- **Aim of the task**
Transcribe the line containing "Kadim Aşiretler Federasyonu’na" and every line after it, exactly, through the end of the records.

- **Stored records**
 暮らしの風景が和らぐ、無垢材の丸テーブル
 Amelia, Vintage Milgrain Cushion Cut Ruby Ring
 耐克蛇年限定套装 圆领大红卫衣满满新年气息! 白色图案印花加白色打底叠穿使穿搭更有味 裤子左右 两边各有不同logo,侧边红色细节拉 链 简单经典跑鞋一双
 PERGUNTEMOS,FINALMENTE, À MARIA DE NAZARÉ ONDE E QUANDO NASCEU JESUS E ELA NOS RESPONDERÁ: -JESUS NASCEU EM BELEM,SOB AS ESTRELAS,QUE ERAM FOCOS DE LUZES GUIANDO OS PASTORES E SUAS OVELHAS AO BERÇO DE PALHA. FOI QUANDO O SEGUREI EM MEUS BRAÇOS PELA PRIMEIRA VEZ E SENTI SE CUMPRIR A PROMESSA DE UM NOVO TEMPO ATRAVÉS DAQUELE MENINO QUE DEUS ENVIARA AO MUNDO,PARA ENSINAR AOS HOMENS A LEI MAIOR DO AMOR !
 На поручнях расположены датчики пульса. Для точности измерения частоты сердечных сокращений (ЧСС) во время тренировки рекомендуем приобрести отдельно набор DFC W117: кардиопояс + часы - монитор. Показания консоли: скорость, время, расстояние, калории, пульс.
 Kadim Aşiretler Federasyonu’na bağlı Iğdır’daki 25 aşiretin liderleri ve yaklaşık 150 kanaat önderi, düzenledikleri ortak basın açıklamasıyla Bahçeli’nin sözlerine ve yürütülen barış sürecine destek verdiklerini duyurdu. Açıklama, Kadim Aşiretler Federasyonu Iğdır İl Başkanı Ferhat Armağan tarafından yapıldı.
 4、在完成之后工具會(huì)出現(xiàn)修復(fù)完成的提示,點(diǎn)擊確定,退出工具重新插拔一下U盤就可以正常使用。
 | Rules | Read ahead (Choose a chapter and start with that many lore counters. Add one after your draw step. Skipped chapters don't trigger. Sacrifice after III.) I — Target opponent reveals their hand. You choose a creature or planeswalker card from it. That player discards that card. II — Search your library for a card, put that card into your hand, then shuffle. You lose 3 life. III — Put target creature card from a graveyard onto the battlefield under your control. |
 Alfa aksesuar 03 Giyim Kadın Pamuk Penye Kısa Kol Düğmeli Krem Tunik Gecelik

- **Response**
 Kadim Aşiretler Federasyonu’na bağlı Iğdır’daki 25 aşiretin liderleri ve yaklaşık 150 kanaat önderi, düzenledikleri ortak basın açıklamasıyla Bahçeli’nin sözlerine ve yürütülen barış sürecine destek verdiklerini duyurdu. Açıklama, Kadim Aşiretler Federasyonu Iğdır İl Başkanı Ferhat Armağan tarafından yapıldı.
 4、在完成之后工具會(huì)出現(xiàn)修復(fù)完成的提示,點(diǎn)擊確定,退出工具重新插拔一下U盤就可以正常使用。
 | Rules | Read ahead (Choose a chapter and start with that many lore counters. Add one after your draw step. Skipped chapters don't trigger. Sacrifice after III.) I — Target opponent reveals their hand. You choose a creature or planeswalker card from it. That player discards that card. II — Search your library for a card, put that card into your hand, then shuffle. You lose 3 life. III — Put target creature card from a graveyard onto the battlefield under your control. |
 Alfa aksesuar 03 Giyim Kadın Pamuk Penye Kısa Kol Düğmeli Krem Tunik Gecelik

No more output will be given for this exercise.